Sousa Mendes Foundation

“Vilar Formoso, Frontier of Peace” is a new museum dedicated to Sousa Mendes, who saved over 10,000 Jewish refugees seeking sanctuary in Portugal during WWII. His efforts are considered the greatest rescue of Jewish refugees by any singular individual in Europe.

Sousa Mendes Foundation, Portugal, Cultural Heritage

OVERVIEW

Following the start of the pogroms in Germany, which marked the true beginning of the Holocaust, some 9,000 refugees fled to Portugal. Fearing the rapid influx of refugees, the Portuguese government sent out Circular 14, which prohibited the distribution of visas to refugees that were viewed as potential threats to the nation’s security, namely those whose nationality is contested and Jewish people who had been expelled from their own country.

One man, Sousa Mendes, refused to comply with Circular 14, and over the course of the war would go on to give out 30,000 visas to refugees, 10,000 of whom were estimated to be Jewish. His efforts are considered the greatest rescue of Jewish refugees by any singular individual in Europe.
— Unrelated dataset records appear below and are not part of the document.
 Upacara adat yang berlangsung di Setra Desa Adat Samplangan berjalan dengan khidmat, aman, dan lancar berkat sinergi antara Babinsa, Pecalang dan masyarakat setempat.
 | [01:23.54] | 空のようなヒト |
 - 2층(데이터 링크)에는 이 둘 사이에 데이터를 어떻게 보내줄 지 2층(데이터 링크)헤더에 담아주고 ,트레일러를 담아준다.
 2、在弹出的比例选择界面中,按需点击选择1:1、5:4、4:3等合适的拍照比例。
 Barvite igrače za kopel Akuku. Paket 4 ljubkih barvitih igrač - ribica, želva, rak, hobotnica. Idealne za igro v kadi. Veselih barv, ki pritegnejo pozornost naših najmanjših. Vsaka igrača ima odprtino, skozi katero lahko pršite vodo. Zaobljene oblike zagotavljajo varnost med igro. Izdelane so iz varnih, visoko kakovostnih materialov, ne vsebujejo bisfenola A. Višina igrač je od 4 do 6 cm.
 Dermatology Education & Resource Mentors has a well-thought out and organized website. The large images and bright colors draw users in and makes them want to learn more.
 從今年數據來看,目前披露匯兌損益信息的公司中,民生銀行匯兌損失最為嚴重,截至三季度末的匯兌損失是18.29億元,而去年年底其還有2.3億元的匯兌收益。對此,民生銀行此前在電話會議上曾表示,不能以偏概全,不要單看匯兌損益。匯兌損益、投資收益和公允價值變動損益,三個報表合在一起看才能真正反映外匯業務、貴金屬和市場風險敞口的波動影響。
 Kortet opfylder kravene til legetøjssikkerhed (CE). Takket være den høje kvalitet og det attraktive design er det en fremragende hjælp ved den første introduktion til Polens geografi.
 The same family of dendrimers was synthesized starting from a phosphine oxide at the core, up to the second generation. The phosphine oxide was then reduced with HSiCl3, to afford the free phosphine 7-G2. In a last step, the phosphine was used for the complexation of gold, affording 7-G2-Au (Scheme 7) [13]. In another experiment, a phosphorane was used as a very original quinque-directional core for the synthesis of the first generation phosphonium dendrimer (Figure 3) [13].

ABOUT VILAR FORMOSO, FRONTIER OF PEACE

The new museum “Vilar Formoso, Frontier of Peace” honoring the memory of Sousa Mendes opened in August 2017 in the Portuguese village of Vilar Formoso, on the border with Spain. This project was an initiative of the municipality of Almeida, Portugal in collaboration with USA partner, the Sousa Mendes Foundation.
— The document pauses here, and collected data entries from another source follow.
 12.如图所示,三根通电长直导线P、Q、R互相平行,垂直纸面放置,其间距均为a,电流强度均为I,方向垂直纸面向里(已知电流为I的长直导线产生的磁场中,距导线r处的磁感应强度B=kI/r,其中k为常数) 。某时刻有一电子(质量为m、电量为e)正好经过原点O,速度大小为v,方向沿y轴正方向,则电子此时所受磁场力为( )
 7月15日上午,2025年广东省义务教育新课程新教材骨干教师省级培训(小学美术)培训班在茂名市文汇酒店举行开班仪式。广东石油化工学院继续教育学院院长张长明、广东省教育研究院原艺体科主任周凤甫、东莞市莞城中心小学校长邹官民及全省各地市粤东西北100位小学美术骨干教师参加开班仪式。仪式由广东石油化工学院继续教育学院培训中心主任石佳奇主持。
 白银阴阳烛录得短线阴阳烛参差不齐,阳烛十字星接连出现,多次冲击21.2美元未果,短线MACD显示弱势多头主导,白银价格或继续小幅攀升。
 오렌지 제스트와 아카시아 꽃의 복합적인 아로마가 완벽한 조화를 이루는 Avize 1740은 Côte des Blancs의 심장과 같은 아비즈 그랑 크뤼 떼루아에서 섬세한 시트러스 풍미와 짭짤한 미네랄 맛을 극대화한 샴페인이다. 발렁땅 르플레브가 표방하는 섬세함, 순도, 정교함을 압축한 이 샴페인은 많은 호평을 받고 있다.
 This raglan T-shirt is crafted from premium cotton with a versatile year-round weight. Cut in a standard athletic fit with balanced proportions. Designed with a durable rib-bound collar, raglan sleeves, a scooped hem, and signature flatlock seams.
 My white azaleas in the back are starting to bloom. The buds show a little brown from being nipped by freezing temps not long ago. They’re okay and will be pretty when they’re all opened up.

This museum tells the dramatic true story of the Portuguese hero Aristides de Sousa Mendes. Among the lives saved were those of Hans and Margret Rey (authors of Curious George), Salvador and Gala Dali, the Habsburg family, the entire Belgian cabinet, and thousands of ordinary families. The museum tells three stories at once: that of Sousa Mendes, that of the refugees that he saved, and that of Portugal’s complex and ambiguous role during World War II. This museum is the first stop along Portugal’s new Rede de Judiaria – a cultural heritage initiative that spotlight’s Portugal’s Jewish history. The Rede de Judiaria focuses on several locations that were relevant to the two large chapters of Jewish history in Portugal: the Inquisition and World War II.

The refugees, armed with Sousa Mendes visas, were able to leave France through Spain and into Portugal. Their point of entry was the train station of the village of Vilar Formoso, where Portuguese authorities processed the refugees and assigned them to reside in towns and villages throughout the country while awaiting onward visas and ship passage.

OUR SUPPORT

The Bodhi Tree Foundation is proud to support a special gallery – “OBRIGADO PORTUGAL” in the newly opened Vilar Formoso, open to the public six days a week. This gallery honors the many families rescued from the Holocaust by Aristides de Sousa Mendes.